--- TASK DIRECTIONS ---
Your copy should begin with the line containing "5.7FT Truck Bed", end with the line containing "In this little", match the listing below exactly, and contain no pictures.

--- SOURCE MATERIAL ---
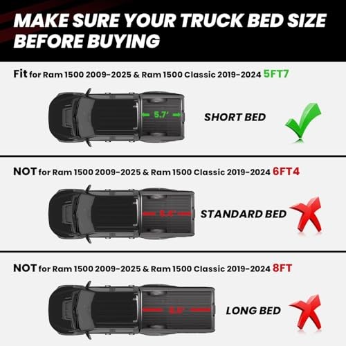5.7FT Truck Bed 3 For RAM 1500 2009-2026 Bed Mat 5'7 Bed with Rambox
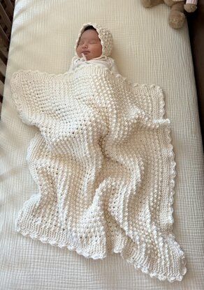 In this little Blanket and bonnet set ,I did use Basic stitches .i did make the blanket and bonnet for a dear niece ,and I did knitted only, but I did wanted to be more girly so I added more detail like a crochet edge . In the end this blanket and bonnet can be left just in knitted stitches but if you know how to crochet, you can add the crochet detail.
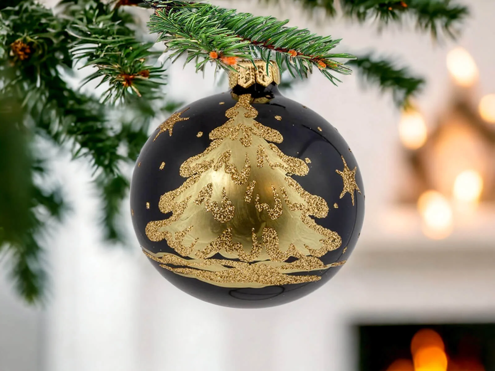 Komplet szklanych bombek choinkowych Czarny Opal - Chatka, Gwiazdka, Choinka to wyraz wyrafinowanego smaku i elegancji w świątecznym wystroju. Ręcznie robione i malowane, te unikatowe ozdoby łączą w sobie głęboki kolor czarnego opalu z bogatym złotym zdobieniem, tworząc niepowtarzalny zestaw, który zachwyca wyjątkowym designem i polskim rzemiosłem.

...

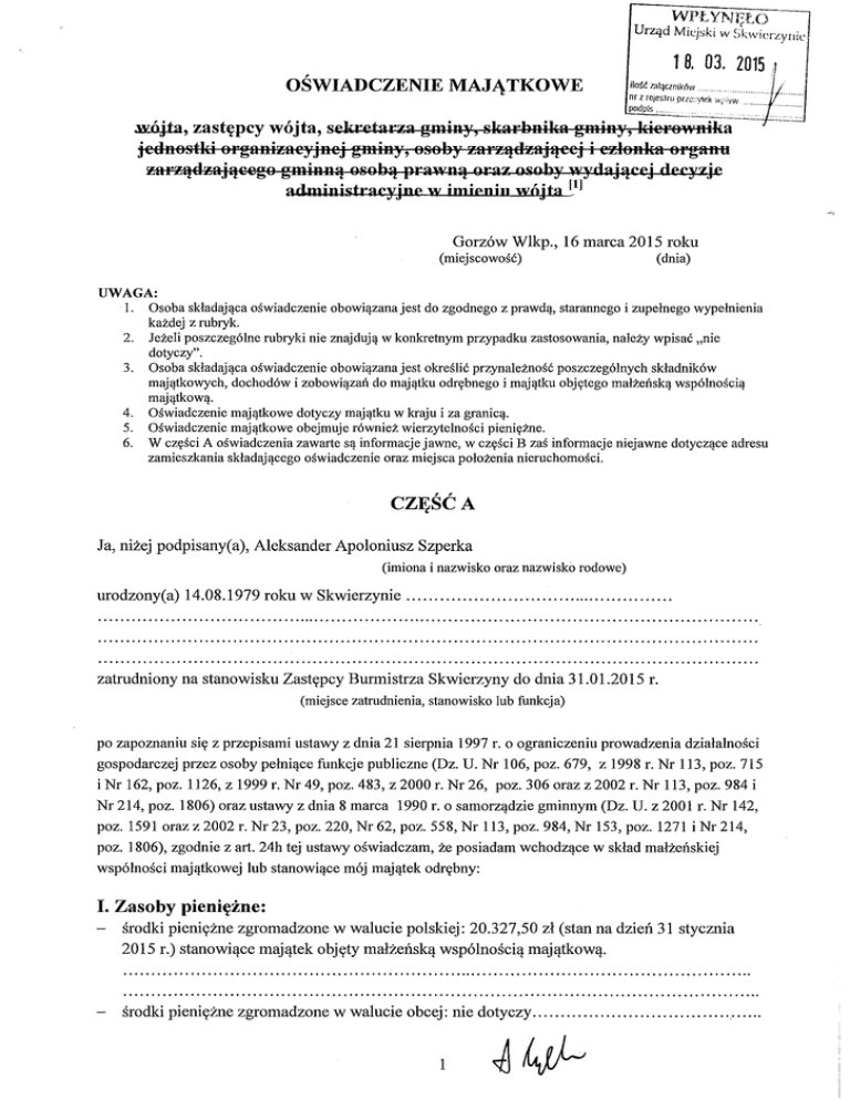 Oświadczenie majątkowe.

--- ANSWER BOX ---
5.7FT Truck Bed 3 For RAM 1500 2009-2026 Bed Mat 5'7 Bed with Rambox
 In this little Blanket and bonnet set ,I did use Basic stitches .i did make the blanket and bonnet for a dear niece ,and I did knitted only, but I did wanted to be more girly so I added more detail like a crochet edge . In the end this blanket and bonnet can be left just in knitted stitches but if you know how to crochet, you can add the crochet detail.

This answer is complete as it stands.